Could you transcribe exactly the lines from the one containing "Cruz de Plata" through the end of the listing below, both included, but none of the pictures?

* **Given information**
===============

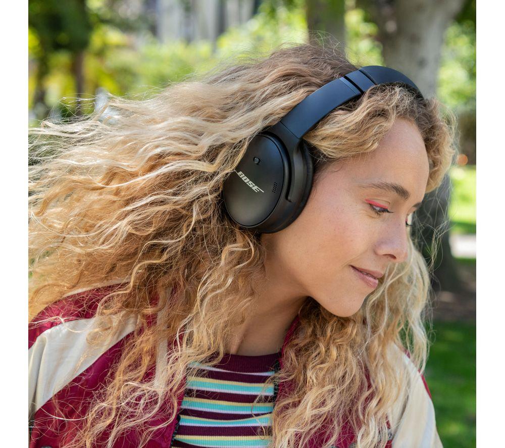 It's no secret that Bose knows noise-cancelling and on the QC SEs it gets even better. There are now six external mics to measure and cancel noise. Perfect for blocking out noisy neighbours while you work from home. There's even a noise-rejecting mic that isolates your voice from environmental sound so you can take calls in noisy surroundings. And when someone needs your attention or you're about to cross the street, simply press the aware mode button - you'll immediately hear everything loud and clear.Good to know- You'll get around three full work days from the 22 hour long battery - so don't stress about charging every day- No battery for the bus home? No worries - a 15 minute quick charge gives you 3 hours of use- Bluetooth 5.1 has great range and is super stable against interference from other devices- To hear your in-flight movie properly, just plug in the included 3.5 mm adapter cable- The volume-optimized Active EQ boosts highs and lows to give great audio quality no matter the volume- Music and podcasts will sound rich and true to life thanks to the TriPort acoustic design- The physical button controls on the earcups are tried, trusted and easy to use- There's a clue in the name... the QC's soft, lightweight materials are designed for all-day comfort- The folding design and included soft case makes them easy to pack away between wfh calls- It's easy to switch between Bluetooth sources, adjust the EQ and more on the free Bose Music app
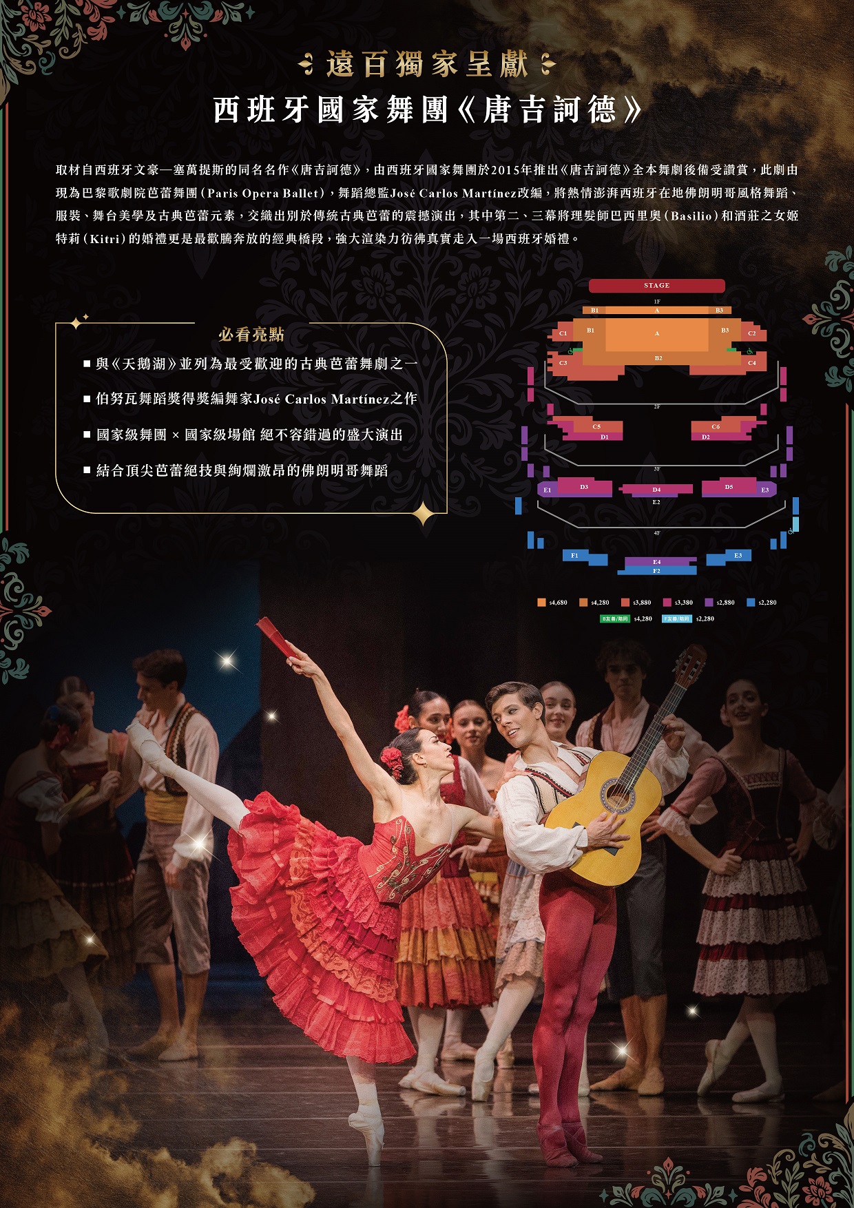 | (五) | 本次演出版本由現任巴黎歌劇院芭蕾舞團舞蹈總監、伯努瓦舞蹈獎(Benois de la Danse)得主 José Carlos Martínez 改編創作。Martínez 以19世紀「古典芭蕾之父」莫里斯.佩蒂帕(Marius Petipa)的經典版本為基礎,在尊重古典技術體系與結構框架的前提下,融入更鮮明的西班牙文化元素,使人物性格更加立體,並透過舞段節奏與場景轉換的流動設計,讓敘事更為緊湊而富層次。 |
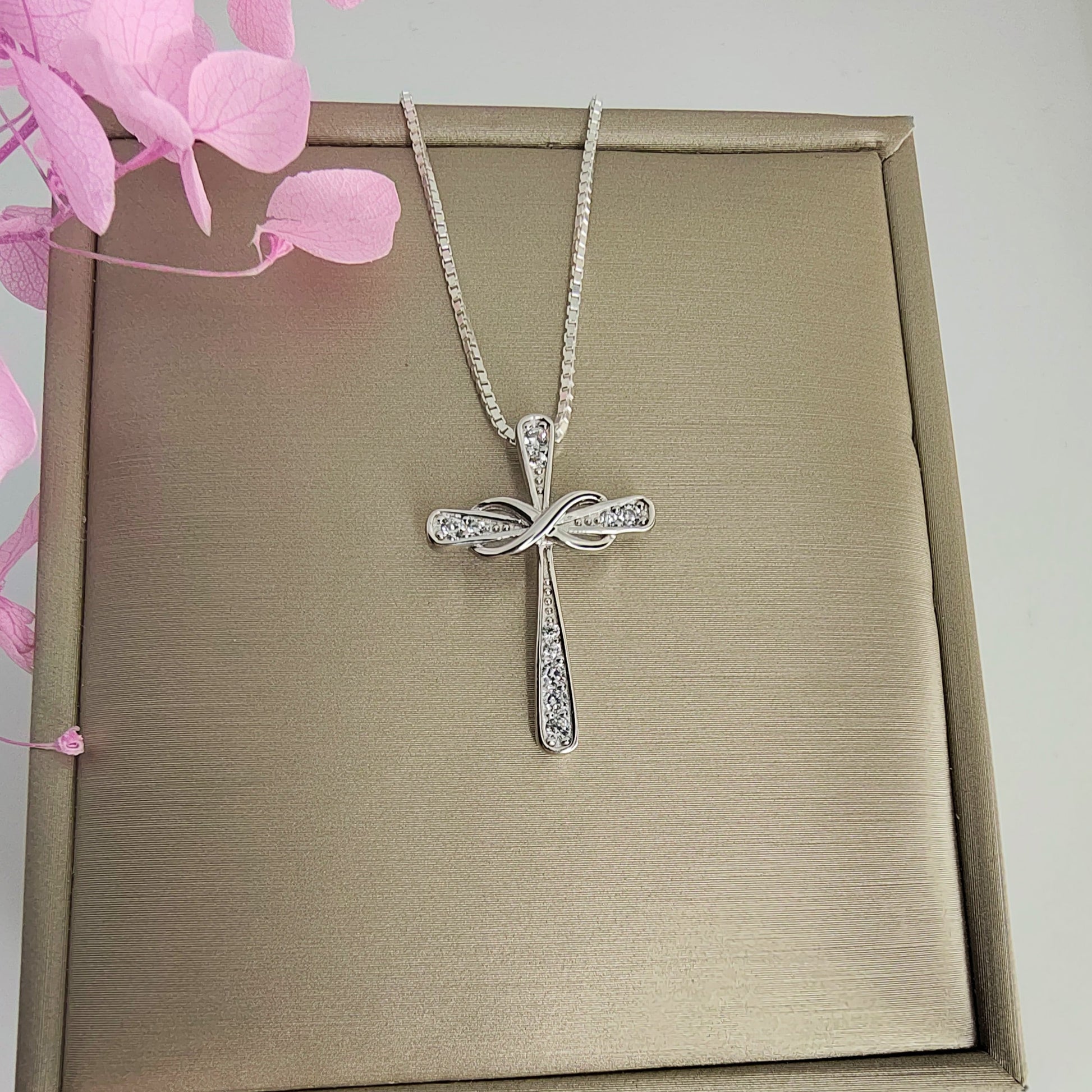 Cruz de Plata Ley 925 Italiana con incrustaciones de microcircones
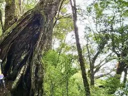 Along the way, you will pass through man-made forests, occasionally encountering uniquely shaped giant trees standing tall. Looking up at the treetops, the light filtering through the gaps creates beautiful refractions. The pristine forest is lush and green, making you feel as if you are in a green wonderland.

===============

* **Completed exercise**
 Cruz de Plata Ley 925 Italiana con incrustaciones de microcircones
 Along the way, you will pass through man-made forests, occasionally encountering uniquely shaped giant trees standing tall. Looking up at the treetops, the light filtering through the gaps creates beautiful refractions. The pristine forest is lush and green, making you feel as if you are in a green wonderland.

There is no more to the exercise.